Richard looked at me but didn’t acknowledge what must have been a growing expression of shock on my face.
“I knew Emil wanted me to say yes, so I did. But inside I was screaming ‘NO! NO!’ ”
Richard stopped, and I found the silence torturous. “Well,” I said, “it sounds like he was, uh, in charge of himself.”
“Oh, he was in control all right,” he responded. “He told me to go get the book. The one about how to kill yourself.”
Richard’s next few remarks would be lost on me. I couldn’t get past The Book.
“So I’m reading him the chapter we had picked out,” Richard was saying, “and it suggests washing down the pills with alcohol. We had some Seconal and I found some Scotch.”

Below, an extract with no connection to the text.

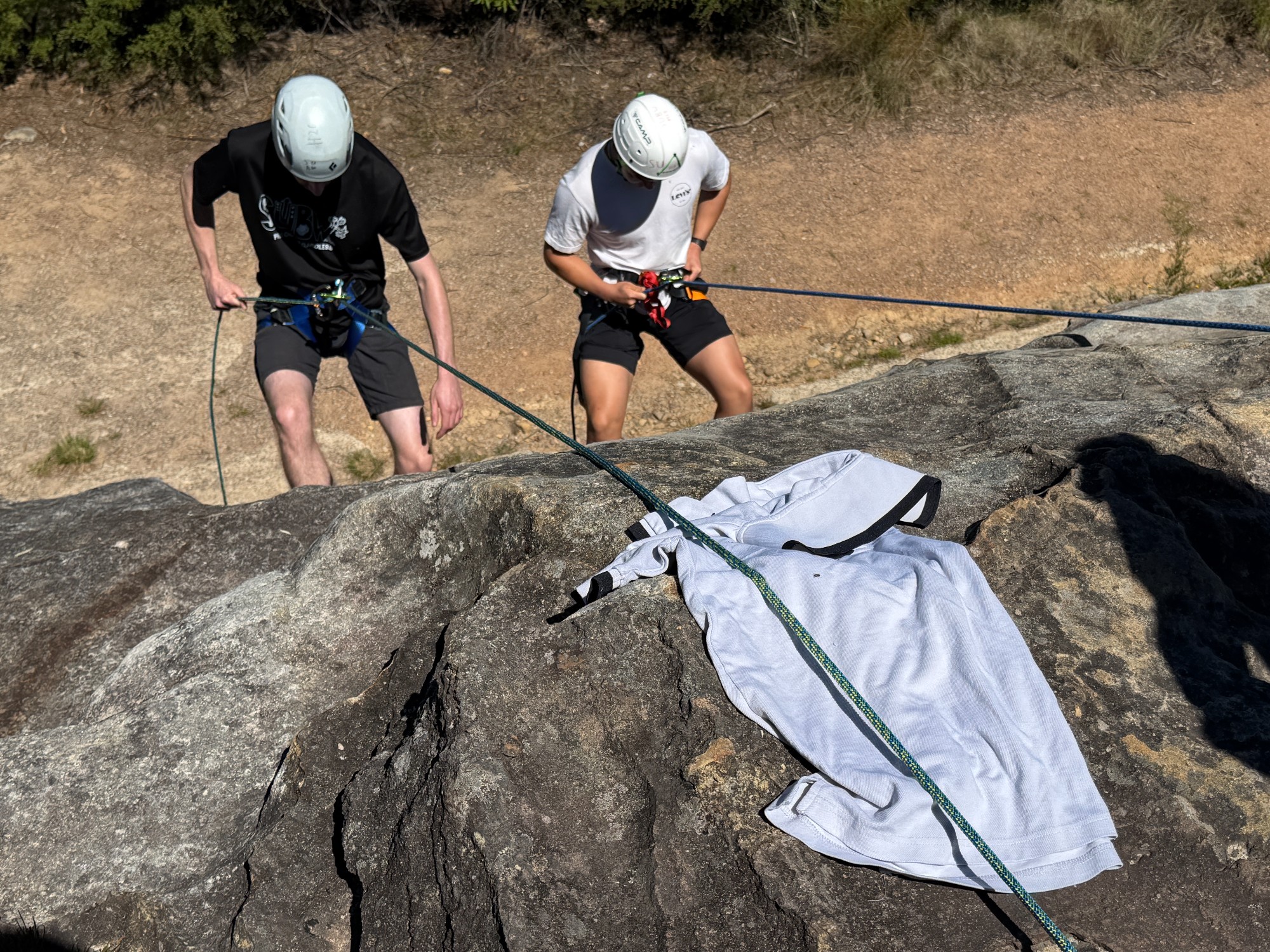 Station 2 is a ~20m pitch, with 2 sets of anchors, one on each side of the cliff. We’ve rigged the abseil on both sides, giving us more space to practice prusiking afterwards. Everyone did their safety checks independently and headed down, with Adam bottom belaying from beneath. Another feature of this pitch is a simple overhang at roughly 2/3 of the abseil, a common feature in canyons. Abseiling around an overhang can be tricky for beginners, but with a bit of practice, everyone went down without much issue.

I knew about assisted suicide but had never heard of the mechanics of it firsthand, or considered the logistics a caring lover would undertake — or had witnessed the haunted result like the one that now sat chain smoking across my living room.
“I made some toast for him just like the book said,” he continued, “and while we waited for him to digest the toast I opened the capsules and put the stuff into a glass.”
I imagined my brother sprinkling powder into a glass while Emil looked on. I wondered what kind of small talk that activity encouraged.
“I poured the scotch, a couple of good-sized shots, and he wanted it right away.” His voice trailed to a whisper. “I wanted him to wait, to wait, to wait… I wanted to hug him. I wanted to do it right, you know? But he kept reaching for the glass, and I would say, ‘no, Emil, wait, please wait, I want to say I love you again…’”
Tears were filling Richard’s eyes. His hand shook, knocking his glass loudly on the coffee table as he set it down and brought his hands to his face.
And even so, he went on.
“Emil downed the glass in one gulp and made a face, and then he just laid back on the pillow. It took about twenty minutes.” Richard looked up at me and managed a sad grimace. “Emil always said that when you go, you go alone. I hated that for him. I wanted him to feel me there, you know? So I held his hand real tight…”
I stared at my brother. Tears now streamed from his face. His eyes conducted a dazed search around the room as they tried to focus on something, anything that would bring some comfort or clarity.
I couldn’t tell what I was feeling about this. Was it pity? Was it shock? How many kinds of pain can we distinguish within our soul?
“The book said to wait twenty minutes after his heart stopped, you know, before calling the doctor. I kept leaning over him and trying… trying to hear his heart. But I couldn’t because my own blood was pounding in my ears! And those next twenty minutes…”
“What were you doing…” I asked, startled by the sound of my own voice, “during those twenty minutes?”
“Screaming,” he said simply.
Silence engulfed my apartment, surrounding the word.
I put my arm around him and he continued to weep. Please be all right, I thought. Please be happy again, Richard. My brother. My brother.
He received my embrace but his heart had taken distant refuge. It had long been numbed by the effects of the spent cocktail glass, sitting impassively on the coffee table, occasionally clinking with the sound of shifting, melting ice.
Mark
NOTE:
This post is adapted from A Place Like This, my chronicle of life in Los Angeles during the dawn of the AIDS epidemic. (Photo above: Richard, left, and Emil in 1986.)
Suicide was a common feature of life for gay men in the 1980’s. But rather than it being a result of bullying or despair, with which it is often associated today, it was very often a gesture of empowerment for embattled AIDS patients wanting to die on their own terms, sometimes with the assistance of those who loved them most.
Our elderly have always shared these mortal intimacies. Assisted suicide has even been institutionalized with the common use of a morphine drip in hospitals and hospices, which calms the patient and, when increased to certain levels, hastens death by shutting down the body.
As for Richard, he has recovered from his loss 25 years ago and lives happily today in our home town. “I often think of that night, and consider my feelings about it,” he told me recently. “I can honestly say I don’t feel even a twinge of guilt. I have plenty of regrets, but not about that.”